Formats available: hardcover, large print, ebook, audiobook
Genres: literary fiction, relationship fiction
Pages: 416
Published by Knopf Publishing Group on July 5, 2022
Purchasing Info: Author's WebsitePublisher's WebsiteAmazonBarnes & NobleKoboBookshop.orgBetter World Books
Goodreads

In this exhilarating novel by the best-selling author of The Storied Life of A. J. Fikry two friends--often in love, but never lovers--come together as creative partners in the world of video game design, where success brings them fame, joy, tragedy, duplicity, and, ultimately, a kind of immortality.
On a bitter-cold day, in the December of his junior year at Harvard, Sam Masur exits a subway car and sees, amid the hordes of people waiting on the platform, Sadie Green. He calls her name. For a moment, she pretends she hasn't heard him, but then, she turns, and a game begins: a legendary collaboration that will launch them to stardom. These friends, intimates since childhood, borrow money, beg favors, and, before even graduating college, they have created their first blockbuster, Ichigo. Overnight, the world is theirs. Not even twenty-five years old, Sam and Sadie are brilliant, successful, and rich, but these qualities won't protect them from their own creative ambitions or the betrayals of their hearts.
Spanning thirty years, from Cambridge, Massachusetts, to Venice Beach, California, and lands in between and far beyond, Gabrielle Zevin's Tomorrow, and Tomorrow, and Tomorrow is a dazzling and intricately imagined novel that examines the multifarious nature of identity, disability, failure, the redemptive possibilities in play, and above all, our need to connect: to be loved and to love. Yes, it is a love story, but it is not one you have read before.

My Review:

That “Love is all there is, is all we know of Love” is from the pen of Emily Dickinson, a poet who was near and dear to Sadie Green’s heart. But Dickinson’s poem, as ineffably true as it is, does not specify the type of love to which it refers. It’s often taken to mean romantic love. In this story, while there is plenty of love to go around, the form of love at its heart is not Eros but Philia, the love of friends and equals.
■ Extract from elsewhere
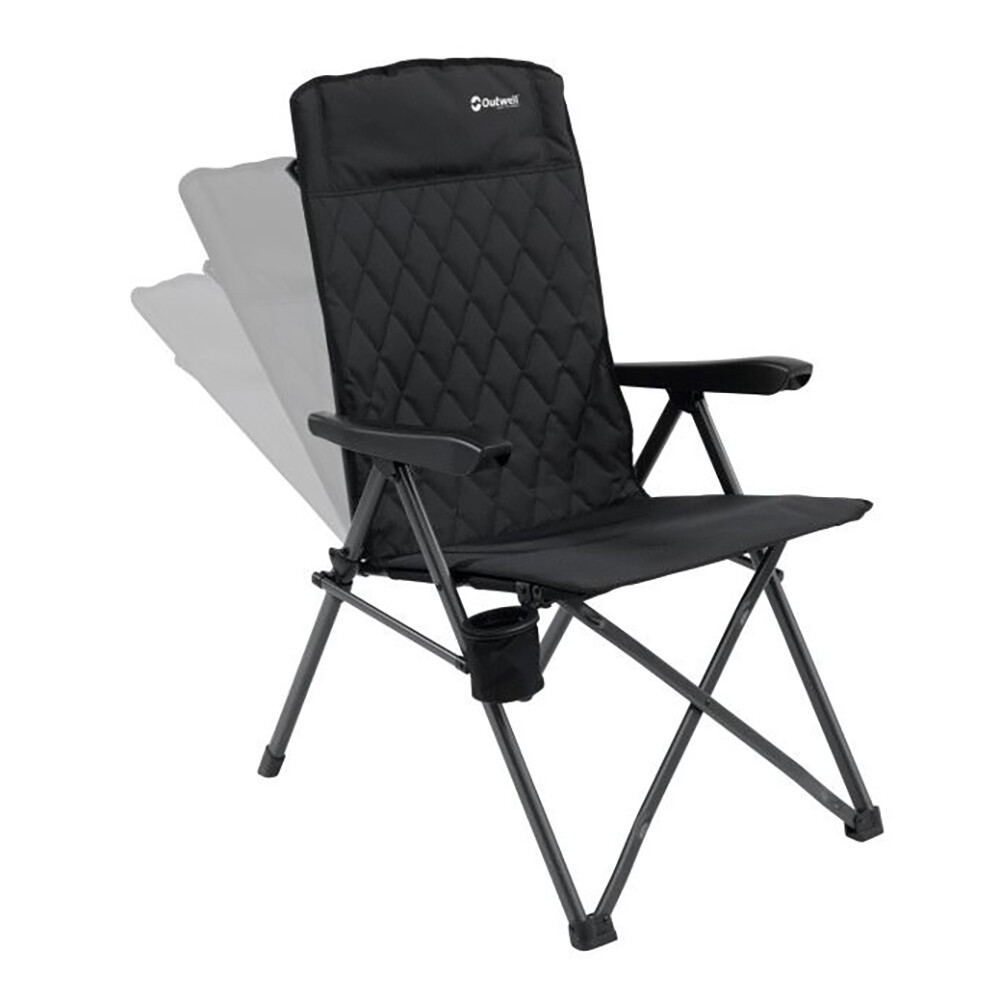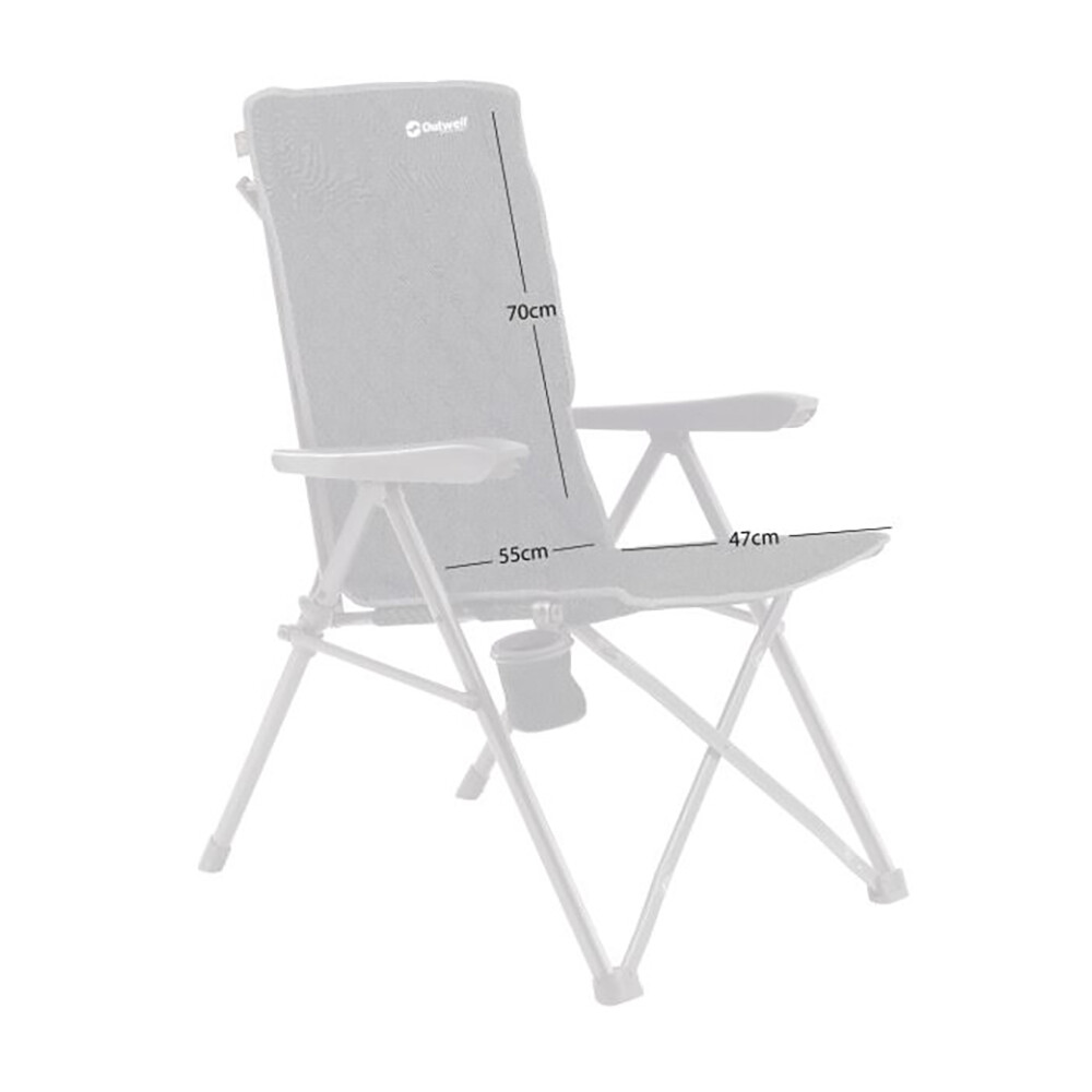 Skládací křeslo značky Outwell vám poskytne stabilní a pohodlné posezení s nosností až 125 kg. Má příjemné polstrování sedací i zádové části, s vnitřní 2 cm vrstvou z měkkého vlákna. Zádový díl lze nastavit do třech různých poloh a nastavenou polohu jednoduše zaaretujete. Díky tomu je křeslo vhodné k posezení u stolu i pro relaxaci. Konstrukce je z oceli s vnější pískovou úpravou. Součástí je také držák nápojů, kam se vám dobře vejde plechovka i láhev většího objemu.

The relationship that stars, and sings, and occasionally weeps with grief or is frozen by neglect and misunderstanding in Tomorrow and Tomorrow and Tomorrow is the 30 year friendship and partnership between Sam Masur and Sadie Green, who meet at a children’s hospital in New York when they are on the cusp of adolescence.
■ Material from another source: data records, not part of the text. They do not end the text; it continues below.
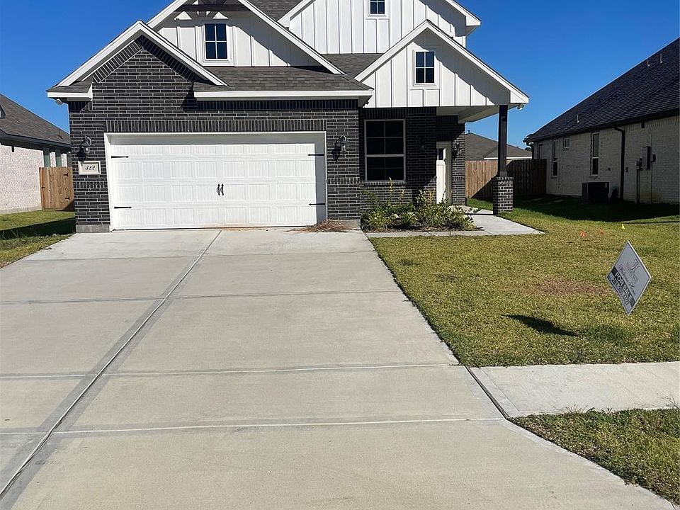Beautiful new construction by Thomas Kade Homes in Cypress Point, Anahuac, TX! This 2-story home offers 5 bedrooms, 2.5 baths, & a 2-car garage. Features include neutral colors, wood-like tile flooring, carpet in bedrooms & upstairs, high ceilings, ample windows, custom cabinets, crown molding, & black fixtures. The open-concept kitchen boasts custom white cabinets, granite countertops, stainless steel appliances, a wall oven, countertop stove, and a breakfast bar. Kitchen opens to a spacious living and dining area with lots of natural light. The primary suite offers a gorgeous bath, walk in shower and soaking tub, with dual sinks and a large walk-in closet. Upstairs features a roomy game area and three bedrooms. Enjoy the covered front porch, large back patio, and spacious yard—perfect for relaxing or entertaining. Easy access to I-10 for a quick commute. Great schools, located in the center commute to Houston and Beaumont. Call for your private showing today.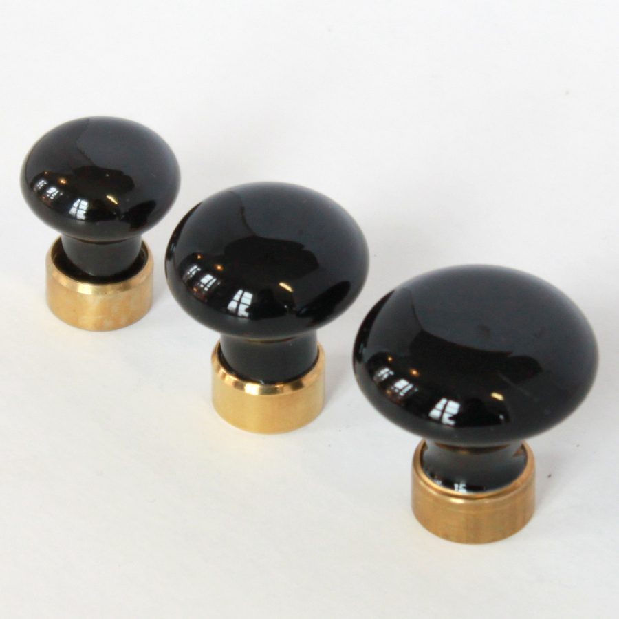 Svart porslinsknopp med mässingsfäste i tre olika storlekar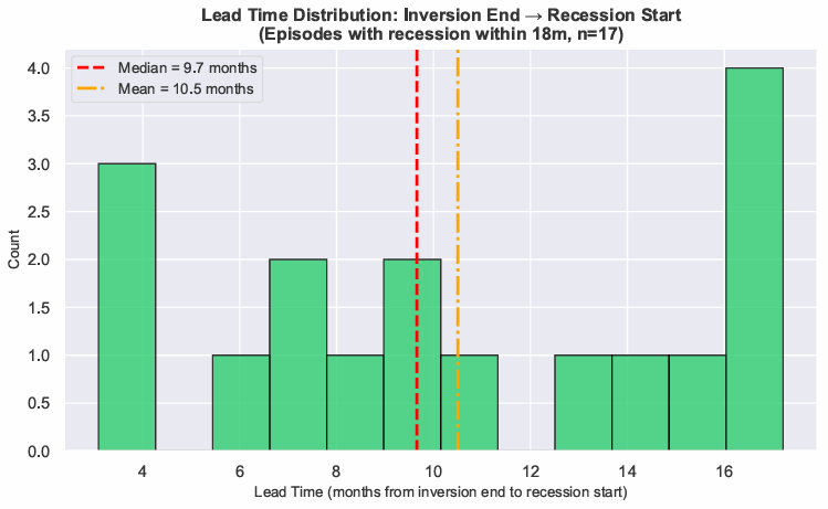 The historical median lead time from inversion end to recession start is 9.7 months — that window passed in June 2025. The P90 upper bound was January 2026. Both have passed without a recession.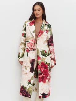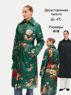 Двустороннее пальто с цветочным принтом демисезонное длинное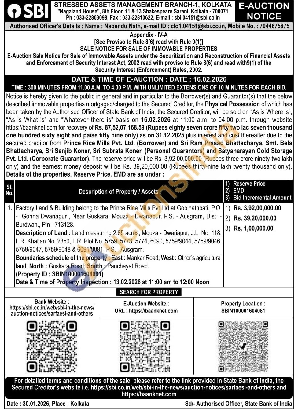 Factory Land & Building belong to the Prince Rice Mills Pvt Ltd at Gopinathbati, P.O. Gonna Dwariapur, Near Guskara, Mouza - Dwariapur, P.S. - Ausgram, Dist. Burdwan., Pin-713128.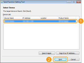Feu clic a [Search Again]. Si el problema persisteix, feu clic a [Search by IP Address], introduïu l'adreça IP de l'equip i, a continuació, feu clic a [OK].

They are both stuck at that hospital. Sam is about to undergo yet another surgery to stabilize the damage to his foot that he incurred during the accident that killed his mother. Sadie has been shuffled out of her sister’s room because Alice, who has leukemia, is also being a temperamental bitch to her younger sister – and their parents are indulging Alice because, after all, she has cancer and Sadie is healthy.

Sam and Sadie discover that they both LOVE computer games. Love to play them, love to talk about them, love to share them with anyone who will listen – which mostly means each other.
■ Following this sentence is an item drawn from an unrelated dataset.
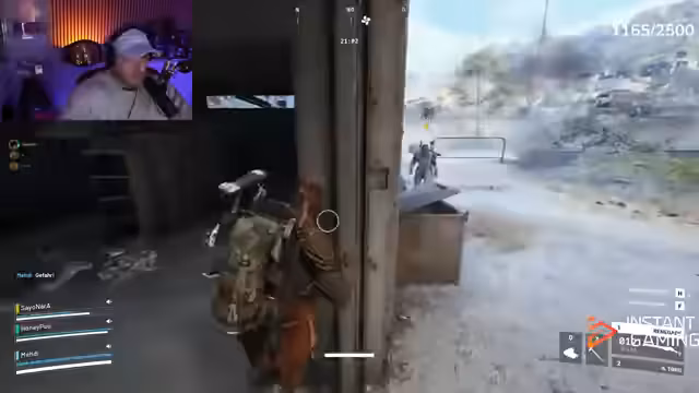 00:56:14Während einer Raid-Szene kommt es zu einem Feuergefecht mit NA-Spielern, das in Chaos endet. Nachdem der Streamer versucht, Freundschaft zu signalisieren ('I'm friendly'), wird er beschossen. Er analysiert die Situation: 'Die haben sich gespittert' und 'Er hat mich so bodenlos weggeschossen'. Die Szene zeigt die Risiken von Cross-Server-Kooperationen, bleibt aber Teil der gemeinsamen Raid-Strategie.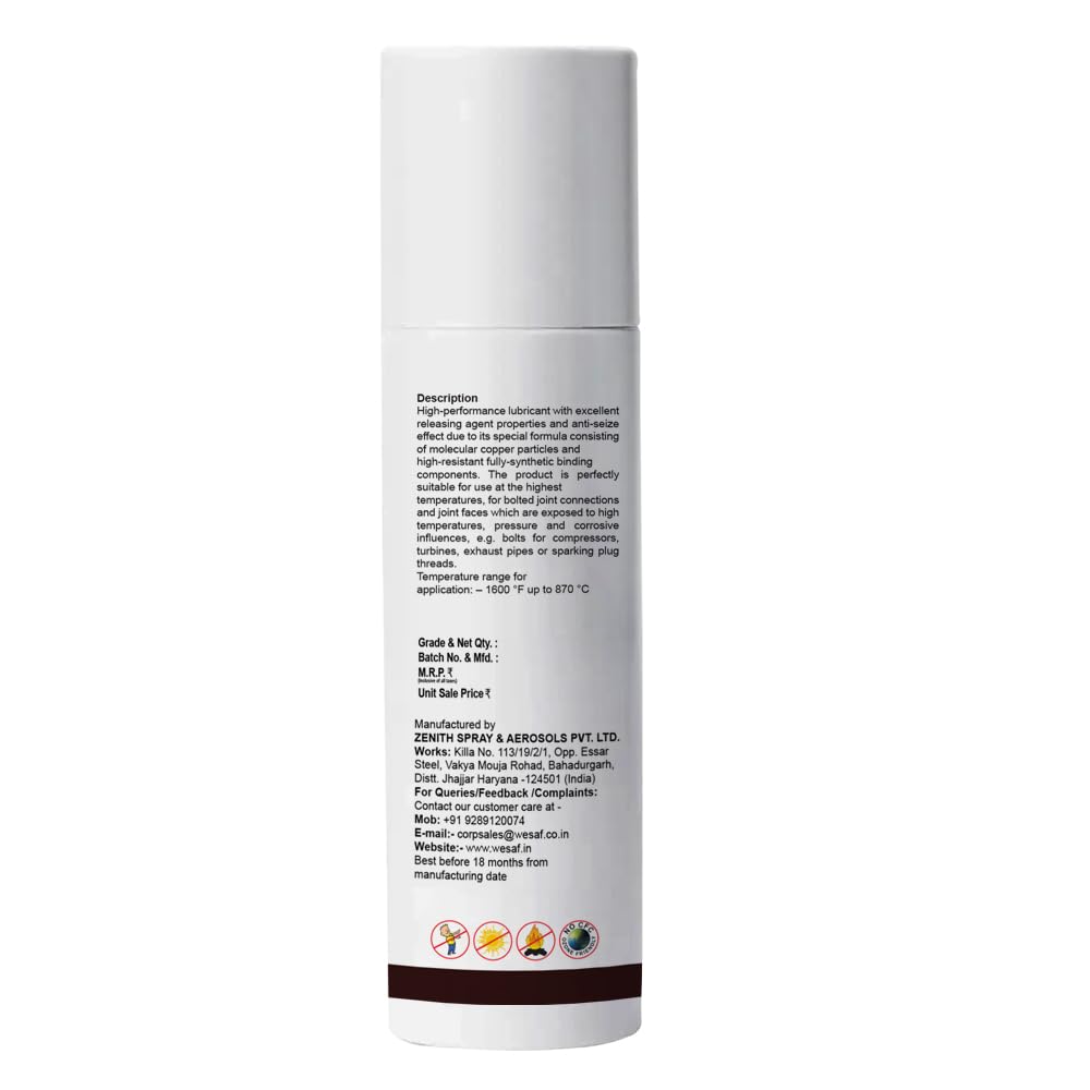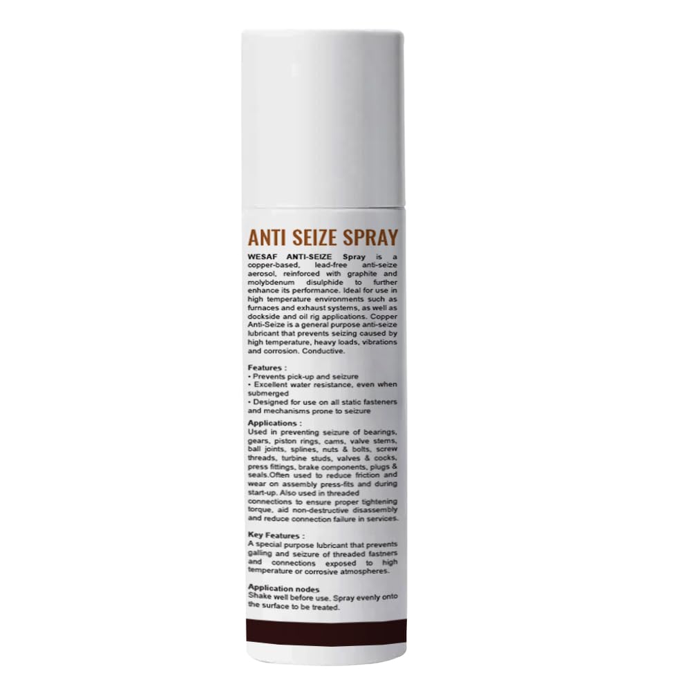 Anti-seize Spray is a specialised lubricant that protects metal parts from corrosion and seizure up to (1000 C). This industrial-grade aerosol is formulated with solid lubricants and other substances that lower friction and reduce torque wrench in threaded fasteners and fittings. Its convenient spray application ensures thorough coverage, making it an indispensable tool for maintenance and repair tasks across various industries. With its exceptional lubrication properties and high-temperature resistance, Anti-seize Spray ensures smooth operation and extended service life of critical components. Certified by an ISO 9001:2015 company, this product delivers reliable performance for industrial use.

But Sam thinks Sadie is his friend – and he’s not wrong. But Sadie starts out thinking that helping Sam while away the hours is her public service project for her upcoming Bat Mitzvah. The revelation of her deception breaks them in two.

Until they meet again in Boston, where Sadie is now going to Harvard while Sam is at MIT. And their friendship knits itself and them back together as though they had never parted – although the faultline created in that first and biggest deception lies deeply buried and waiting to erupt again.

The friendship between Sam and Sadie, in all its depth and all its incipient heartbreak, is rooted in their shared love of gaming. It’s the mid-1990s, and computer and video gaming is at that golden age where it has become a big business but the games can still be built by just a few dedicated people who are willing to eat, sleep and breathe the game until it comes out or they burnout – whichever comes first.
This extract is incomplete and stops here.